She might be an Eloise poser, I guess.
But, you know, that makes her look really unattainable and like she's got lots of money.
So I think people in her situation will do anything they can to look like they're
billionaires, not even millionaires.
And Rebecca Rosenberg joining us from Fox News
Digital. Rebecca, she wasn't
just staying down at the Motel 6.
She was staying in
very, very expensive
and luxurious hotels. Yes.
She was staying at 11 Howard Street
for a very long time.
It racked up a bill with tens of thousands of dollars.
And that's where she lived for a big chunk of the time she was in New York. You know, it was really interesting that she created this illusion that super rich and super educated people fell for.
And I guess you'd call it New York society.
Until she went and basically invited herself to be on a yacht in Ibiza.
And then after everyone got off at the end of the vacation, she and her boyfriend turn
around and get back on and stay for another week or 10 days. I mean, Jim Ellis, you're the certified
fraud examiner, former FBI agent, 29 years for Pete's sake. When you commandeer a yacht with a captain and a staff and all the food and you're out at sea and the gas.
That is a huge bill.
A huge bill.
And frankly, you know, she probably by her story, and it actually applied,
you know, reason and common sense at a certain point, things wouldn't have gotten as far as
they did. Yeah, you know, that's really interesting. Wendy Patrick, California prosecutor,
author of Red Flags. You can hear her on today with Dr. Wendy KCBQ. Dr. Wendy, I find it, Wendy Patrick, I find it really interesting that the owners or the people that had rented the yacht originally didn't go after her.
Now, they are really, really wealthy Hamptonites.

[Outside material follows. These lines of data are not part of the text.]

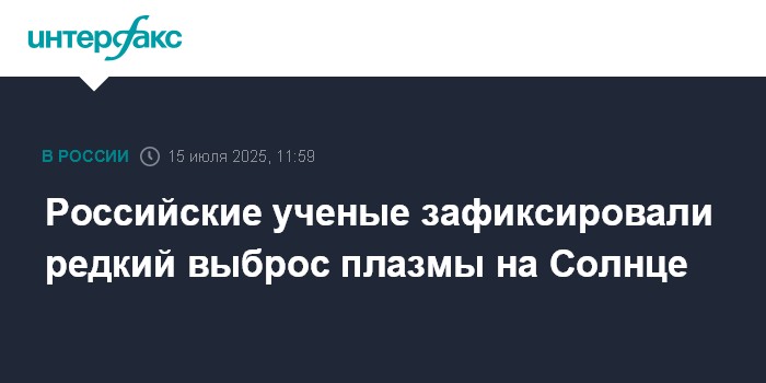 Москва. 15 июля. INTERFAX.RU - Крупный выброс плазмы с редкой траекторией зарегистрирован на Солнце в ночь на вторник, сообщили в лаборатории солнечной астрономии Института космических исследований (ИКИ) и Института солнечно-земной физики (ИСЗФ) РАН.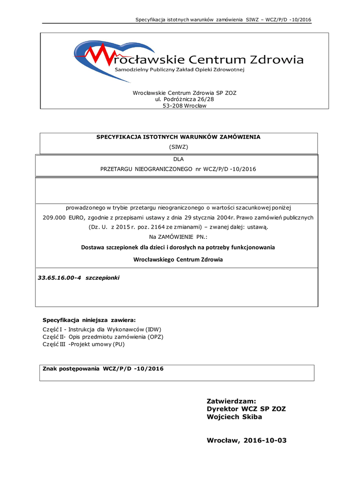 Specyfikacja istotnych warunków zamówienia SIWZ – WCZ/P/D -10/2016 Wrocławskie Centrum Zdrowia SP ZOZ ul. Podróżnicza 26/28 53-208 Wrocław SPECYFIKACJA ISTOTNYCH WARUNKÓW ZAMÓWIENIA (SIWZ) DLA PRZETARGU NIEOGRANICZONEGO nr WCZ/P/D -10/2016 prowadzonego w trybie przetargu nieograniczonego o wartości szacunkowej poniżej 209.000 EURO, zgodnie z przepisami ustawy z dnia 29 stycznia 2004r. Prawo zamówień publicznych (Dz. U. z 2015 r. poz. 2164 ze zmianami) – zwanej dalej: ustawą. Na ZAMÓWIENIE PN.: Dostawa szczepionek dla dzieci i dorosłych na potrzeby funkcjonowania Wrocławskiego Centrum Zdrowia 33.65.16.00-4 szczepionki Specyfikacja niniejsza zawiera: Część I - Instrukcja dla Wykonawców (IDW) Część II- Opis przedmiotu zamówienia (OPZ) Część III -Projekt umowy (PU) Znak postępowania WCZ/P/D -10/2016 Zatwierdzam: Dyrektor WCZ SP ZOZ Wojciech Skiba Wrocław, 2016-10-03 Specyfikacja istotnych warunków zamówienia SIWZ – WCZ/P/D -10/2016 (załącznik A do SIWZ) SIWZ Część II Opis przedmiotu zamówienia (OPZ) 2 Specyfikacja istotnych warunków zamówienia SIWZ – WCZ/P/D -10/2016 1. Nazwa (firma) oraz adres Zamawiającego Wrocławskie Centrum Zdrowia SP ZOZ ul. Podróżnicza 26/28 53-208 Wrocław NIP: 894 24 60 800; REGON: 000313331 tel: 71 39 11 748 Faks: 71 39 11 759, adres strony internetowej: www.spzoz.wroc.pl Godziny urzędowania pn-pt. 7:30-15:00 2. OPIS PRZEDMIOTU ZAMÓWIENIA 1. Przedmiotem zamówienia jest dostawa szczepionek dla dzieci i dorosłych na potrzeby funkcjonowania Wrocławskiego Centrum Zdrowia 2. Wykonawca będzie dostarczał szczepionki w warunkach zalecanych przez producenta dla danego produktu do następujących miejsc tj.: l.p 1 2 3 4 nazwa przychodni Przychodnia "GRABISZYN” Przychodnia „KOZANÓW” Przychodnia „STARE MIASTO” Przychodnia „STABŁOWICE” adres ul. Stalowa 50, Wrocław ul. Dokerska 9, Wrocław Pl. Dominikański 6, Wrocław ul. Stabłowicka 125, Wrocław 5 Dział Farmacji ul. Wszystkich Świętych 2, Wrocław 3. Zamawiający wymaga, by oferowane leki posiadały aktualne wymagane prawem zezwolenia dopuszczające do obrotu i używania na terytorium Rzeczpospolitej Polskiej, zgodnie z wymaganiami określonymi w Ustawie z dnia 6 września 2001 Prawo farmaceutyczne (dz. U. tj. z 2008 nr 45 poz. 271 ze zm.) 4. Gwarancja: Dostarczane szczepionki muszą posiadać min. 12 miesięczny terminem ważności, liczony od dnia odbioru szczepionki przez Zamawiającego. 5. Specyfikacja techniczna przedmiotu zamówienia Nr pakietu Nazwa asortymentu towaru: 1. Szczepionka inaktywnowana przeciw wirusowemu zapaleniu wątroby typu A dla dorosłych 2. Preparat zawierający nie mniej niż 5 j.m. toksoid błoniczy i nie mniej niż 40 j.m.toksoid tężcowy dla młodzieży i dorosłych, objętość 0,5 ml w ampułce Preparat zawierający toksoid błoniczy, szczepionkę bezkomórkową przeciw krzuśćowi i toksoid tężcowy dla dzieci od 4 r. ż. i dorosłych, objętość 0,5 ml w ampułkostrzykawce Preparat zawierający toksoid błoniczy, szczepionkę bezkomórkową przeciw krzuśćowi, szczepionkę inaktywowaną przeciw poliomyelitis i toksoid tężcowy dla dzieci od 4 r. ż. i dorosłych, objętość 0,5 ml w ampułkostrzykawce Preparat zawierający toksoid błoniczy, toksoid tężcowy i szczepionkę przeciw poliomyelitis 3. 4. 5. ilość 85 45 60 60 20 3 Specyfikacja istotnych warunków zamówienia SIWZ – WCZ/P/D -10/2016 6. 7. 8. 9. Szczepionka przeciw przenoszonemu przez kleszcze zapaleniu mózgu zawierająca całego wirusa dla osób od 16 r. ż., objętość 0,5 ml w ampułkostrzykawce Preparat zawierający toksoid błoniczy, szczepionkę przeciw H. influenzae typu B, szczepionkę bezkomórkową przeciw krztuśćowi, szczepionkę inaktywowaną przeciw poliomyelitis i toksoid tężcowy dla dzieci od 2 m. ż. Preparat zawierający toksoid błoniczy, szczepionkę przeciw H. influenzae typu B, szczepionkę rekombinowaną przeciw wirusowemu zapaleniu wątroby typu B, szczepionkę bezkomórkową przeciw krztuścowi (3 komponenty), szczepionkę inaktywowaną przeciw poliomyelitis i toksoid tężcowy, 1 fiolka z proszkiem + 1 ampułkostrzykawka objętości 0,5 ml z zawartością + 2 igły Preparat zawierający toksoid błoniczy, szczepionkę przeciw H. influ-enzae typu B, szczepionkę rekombinowaną przeciw wirusowemu za-paleniu wątroby typu B, szczepionkę bezkomórkową przeciw krztu-ścowi (2 komponenty), szczepionkę inaktywowaną przeciw poliomyelitis i toksoid tężcowy 40 400 200 250 10. Szczepionka przeciw meningokokom czterowalentna (A+C+W135+Y) dla osób od 11 r. ż., zawierająca 1 fiolkę z proszkiem i 1 ampułkostrzykawkę z roztworem 7 11. Szczepionka przeciw meningokokom czterowalentna (A+C+W135+Y) dla dzieci od 12 m. ż., zawierająca 1 fiolkę z proszkiem i 1 ampułkostrzykawkę z roztworem 25 12. Szczepionka przeciw meningokokom gr. A i C dla dzieci od 2 r. ż. i dorosłych 7 13. Szczepionka polisacharydowa, przeciw pneumokokom dla dzieci od 2 r. ż. i osób dorosłych, objętości 0,5 ml w ampułkoskrzykawce 10 14. Szczepionka przeciw pneumokokom, polisacharydowa, skoniugowana (adsorbowana), 13-walentna dla niemowląt, dzieci i młodzieży od 6 t. ż. oraz dorosłych, objętość 0,5 ml w ampułkoskrzykawce 15. Szczepionka żywa, atenuowana przeciw żółtej gorączce 16. 17. 18. 19. 20. 21. 22. 300 35 Szczepionka przeciw meningokokom gr. B Szczepionka skoniugowana przeciw meningokokom gr. C dla dzieci od 2 miesiąca życia, objętość 0,5 ml w ampułko-strzykawce 15 Szczepionka inaktywnowana przeciw poliomyelitis, objętość 0,5 ml w ampułkostrzykawce 7 Szczepionka rekombinowana przeciw wirusowemu zapaleniu wątroby typu B Szczepionka polisacharydowa przeciw durowi brzusznemu dla dzieci od 2 r. ż. i dorosłych, objętość 0,5 ml w ampułkostrzykawce Szczepionka inaktywowana przeciw wirusowemu zapaleniu wątroby typu A połączona z szczepionką rekombinowaną przeciw wirusowemu zapaleniu wątroby typu B dla mło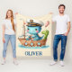 Manta personalizada del capitán de velero pequeño dinosaurio. Imagina un capitán dinosaurio lindo a bordo de un velero encantador. Este diseño cautivador combina la ternura con la aventura, perfecto para inspirar el juego imaginativo y los abrazos.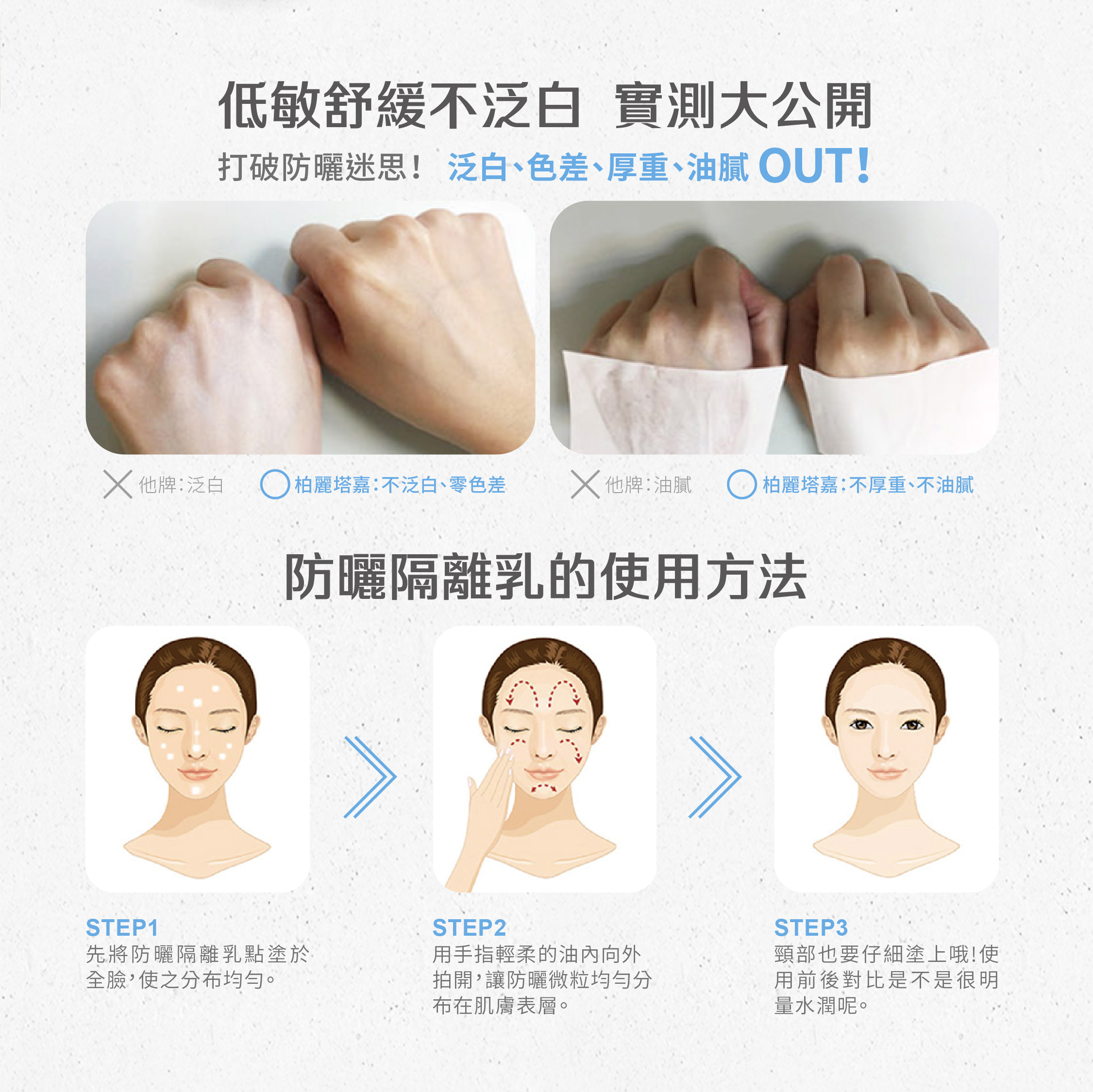 ☀ SPF50★★★★ 高防護力|有效隔離UVA/UVB,預防曬黑與光老化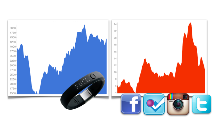 Ovan ser du min data från Nike Fuelband till vänster och den samlade datan från de flesta tjänster jag använder inom social media från de senaste 90 dagarna. Just Fuelbandet är något vi skrivit om tidigare. För oinsatta kan bandet beskrivas som en sorts stegräknare från framtiden. Fuelbandet samlar helt enkelt in hur mycket jag rör på mig. Datan till höger är en sammanställning av min aktivitet på de fyra tjänsterna vars logotyper ni ser under grafen – Facebook, Foursquare, Instagram och Twitter.

And I got to tell you something, Wendy.
I've been to the Hamptons a couple of times for charity when I would be speaking to a group
or raising money somehow or other.
That's a scene, Wendy.
I couldn't wait till I packed up my little rental car
and got out.
I mean, I knew I was a dog upstairs.
I did not fit in.
That was not where I was supposed to be.
And these rich people that got ripped off but didn't report it.
What, they didn't want to look stupid or what?

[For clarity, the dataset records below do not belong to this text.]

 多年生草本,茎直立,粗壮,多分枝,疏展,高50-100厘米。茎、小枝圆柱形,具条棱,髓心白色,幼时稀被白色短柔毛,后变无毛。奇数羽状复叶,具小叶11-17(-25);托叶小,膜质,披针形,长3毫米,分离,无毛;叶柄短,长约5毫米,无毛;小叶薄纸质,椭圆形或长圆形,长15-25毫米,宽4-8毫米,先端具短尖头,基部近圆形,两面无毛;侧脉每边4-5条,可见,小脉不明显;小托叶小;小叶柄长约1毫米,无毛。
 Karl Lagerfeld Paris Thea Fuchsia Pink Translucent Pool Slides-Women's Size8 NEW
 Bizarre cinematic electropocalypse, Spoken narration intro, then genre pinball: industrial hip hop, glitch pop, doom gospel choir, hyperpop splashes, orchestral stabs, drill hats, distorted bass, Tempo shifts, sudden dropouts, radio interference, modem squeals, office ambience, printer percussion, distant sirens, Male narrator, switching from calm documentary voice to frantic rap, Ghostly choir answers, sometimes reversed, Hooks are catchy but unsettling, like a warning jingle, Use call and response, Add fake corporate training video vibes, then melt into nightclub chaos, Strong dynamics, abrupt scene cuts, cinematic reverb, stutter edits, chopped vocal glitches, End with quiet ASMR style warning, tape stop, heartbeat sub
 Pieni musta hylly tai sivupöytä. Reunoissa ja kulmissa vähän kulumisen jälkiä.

Yeah, no, that's right, Nancy.
I'm like you.
I'm more familiar with the Hampton Inn with the free breakfast than like the Hampton.
I'm totally stealing it.
Go ahead. So this is the problem with the free breakfast. I've never heard that. I'm totally stealing it. Go ahead.
So this is the problem with the super rich. And it is a problem because financial responsibility
should be everyone's responsibility. But they probably either didn't know or didn't care.
Why do I say that? Because we've covered so many stories where you do have the ultra rich that are
scammed, are defrauded by somebody like Anna,
but don't consider it in the balance to be worth their while to pursue it, not realizing
there may be so many other victims that they might be preventing by putting it into it
sooner rather than later.
That may be why they didn't say anything.
I'm not quite sure, Rebecca Rosenberg, what her motivation is other than just living the
high life. But imagine the impact she could have made being the daughter of a truck driver.
I mean, I'm the daughter of a railroad worker and a bank teller.
And I know my parents worked overtime to send me to college,
send me to law school, and so much more.
She actually has a brilliant mind.
Yeah, but I don't think that if she had been
honest about her origins, anybody, the people that she was trying to hang out with in New York,
that they would have really paid attention to her. We know she was born in Russia, grew up in Germany.
Her father worked at a transport company. It went insolvent. At 19, she left her parents and brother for Paris
to pursue fashion. She has only ever spoken very vaguely of her parents as she terms conservative,
but while she's in Paris, she takes on the name Anna Delvey, and she shoots photographs for a fashion art magazine named Purple.
She only got 400 euros a month
and she stayed financially dependent on her parents
who would send her money and pay for her apartment.
Then she had a breakup, headed to New York
and she went for a trip to Montauk and then Fashion Week
and that really did it.
When she was at Fashion Week, there was no suggestion she would ever turn back.
She went from boutique hotel to boutique hotel, always handing out crisp $100 tips and putting off bills with promises of wire transfers that never happened.
So, Rebecca Rosenberg, I know we've got the one victim, Rachel Deloach Williams, but that's $275,000.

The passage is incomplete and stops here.